In a bid to think ahead, Davis has transformed the Bahamas into a leading hub for cryptocurrencies, which he hopes will provide a new revenue stream to offset losses caused by climate change. “The Bahamas is among the 10 most vulnerable countries in the world to climate change. Our islands could disappear within the next 30 years. So the effort to reduce the carbon footprint is a crisis for us.”

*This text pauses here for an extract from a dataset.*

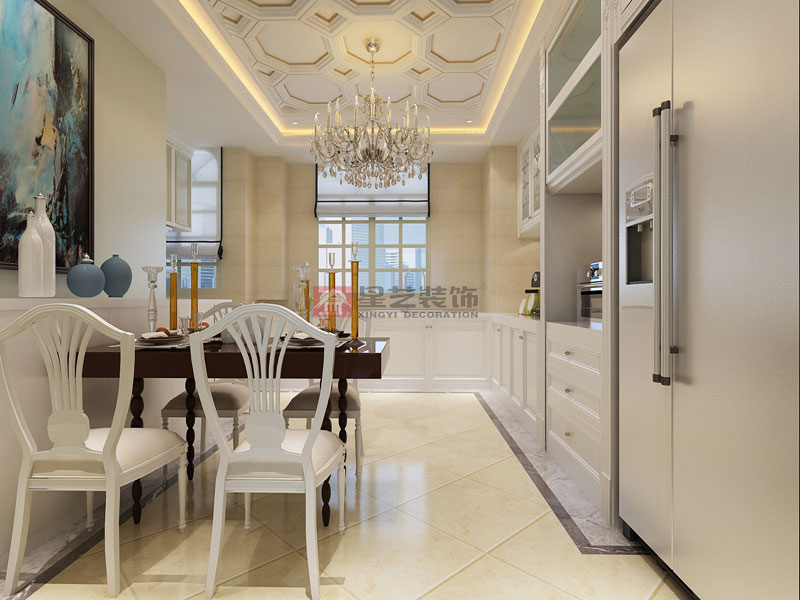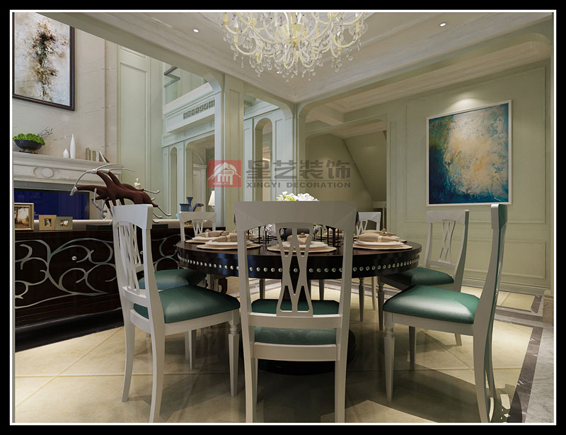 本案例的裝飾風(fēng)格是法式風(fēng)格。設(shè)計承襲法式建筑藝術(shù)和美學(xué)神韻,內(nèi)飾回歸法式宮廷中最正統(tǒng)的浪漫典雅,且對傳統(tǒng)重新做了新的嘗試與思考,化繁為簡,吐故納新,將法式風(fēng)格的端莊與簡約,與中國當下審美情趣合二為一,實現(xiàn)端莊與現(xiàn)代,傳統(tǒng)與創(chuàng)新的和諧之美。整個空間陳設(shè)注重氣質(zhì),留意精神世界。室內(nèi)一共三層,格局以中軸線對稱布局。客廳作為入戶第一空間,由造型優(yōu)美的法式廊道引導(dǎo)著你,完美的天花拱頂、特別訂制的水晶吊燈與現(xiàn)代感的優(yōu)雅家俱陳設(shè),線條簡潔的家具,氣質(zhì)凝練而彰顯氣度。屋頂花園的設(shè)計給繁忙的都市生活增添了一個悠然自得的空間,濃郁的綠植,法式風(fēng)格濃郁的露臺,將室內(nèi)與室外共同點綴在自然中,并不在乎占地面積大小,讓人感到有很大的活動空間。法式建筑往往不求簡單的協(xié)調(diào),而是崇尚沖突之美。在設(shè)計上講求心靈的自然回歸感,給人一種撲面而來的濃郁氣息。開放式的空間結(jié)構(gòu)、隨處可見的花卉和綠色植物、造型簡約的家具……所有的一切從整體上營造出一種悠然自得的生活態(tài)度。

Even though the country does not emit substantial carbon emissions, it absorbs many of the consequences. “We are one of the major and significant carbon sinks of the world. We have been collecting the garbage because of our seagrass and mangroves, but we aren’t being paid for it,” he says. “I can say unequivocally that 50% of our debt is a result of climate change… But all we have [from developed, industrialized nations] are pledges. I’m pledge-fatigued.”
Space to thrive
According to Gonsalves, CARICOM is seeking a paradigm shift toward a modern, multifaceted post-colonial economy with unlimited skilled and educated workers and no reliance on market preference or subsidies.

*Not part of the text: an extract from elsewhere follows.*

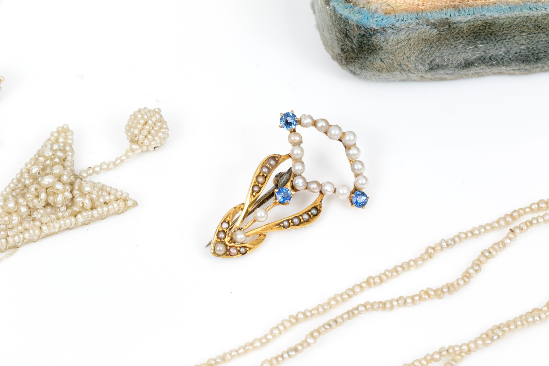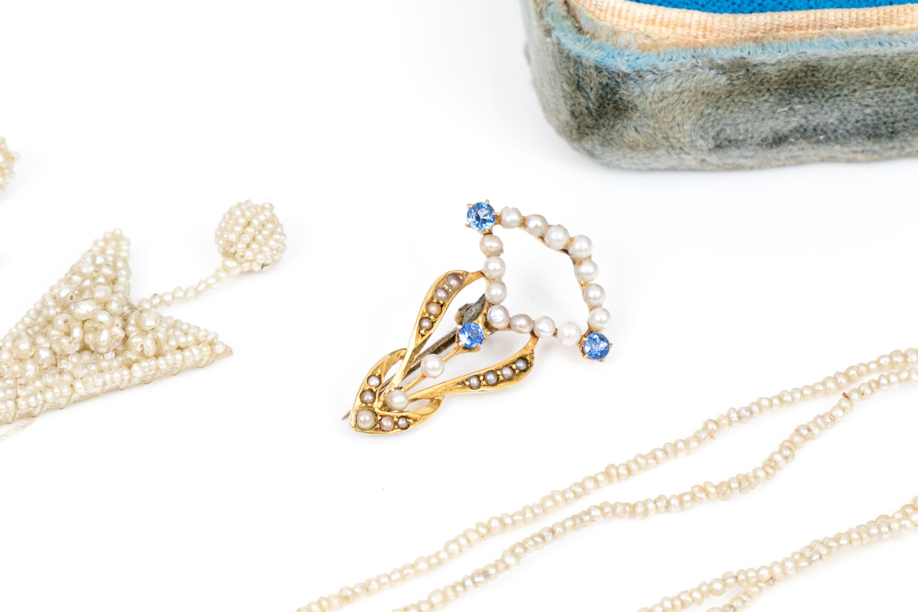 Weight: 1.2 gross dwt (18k and seed pearl earrings only)

“To achieve this, we have to be in a world where there’s fairness,” he says. In addition, Gonsalves laments the eligibility criteria for concessionary assistance and financing (below market rate financing typically provided by non-governmental bodies to spur development). Usually, such funding depends on the size of a country’s per capita GDP to determine.

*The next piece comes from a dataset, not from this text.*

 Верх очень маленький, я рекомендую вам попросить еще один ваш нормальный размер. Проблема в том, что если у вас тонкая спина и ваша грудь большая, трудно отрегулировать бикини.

However, since small developing island nations tend to have fragile economies vulnerable to external economic shocks and environmental disasters, Gonsalves believes middle-income countries should have access to concessionary financing.
“For middle-income countries, we need to have an MVI – a Multi-Dimensional Vulnerability Index – so that you use different criteria for concessional financing,” Gonsalves says, calling for a multilateral conversation on the issue. “We have serious 21st-century problems… and we need to address them in an objective manner. Unfortunately, men’s minds are still weighed down from the ghosts of the past, and we use them to govern the present.”
Both leaders hope to share a message through their conversation with Arton: a better future for all requires an earnest commitment to fairer and more equitable systems. “We have to allow Small Island Developing States to have the space within the global system, not just to survive but to thrive,” says Gonsalves. “I am not asking for special privileges; I am asking for fairness and reasonableness to give my people a chance to grow and develop sustainably.”
Davis concurs, urging greater collaboration and communication among all nations as equals. “The time has come to dismantle the ghosts that haunt us and continue to dialogue – dialogue with those we disagree with is perhaps more important than having a dialogue with whom we always agree.”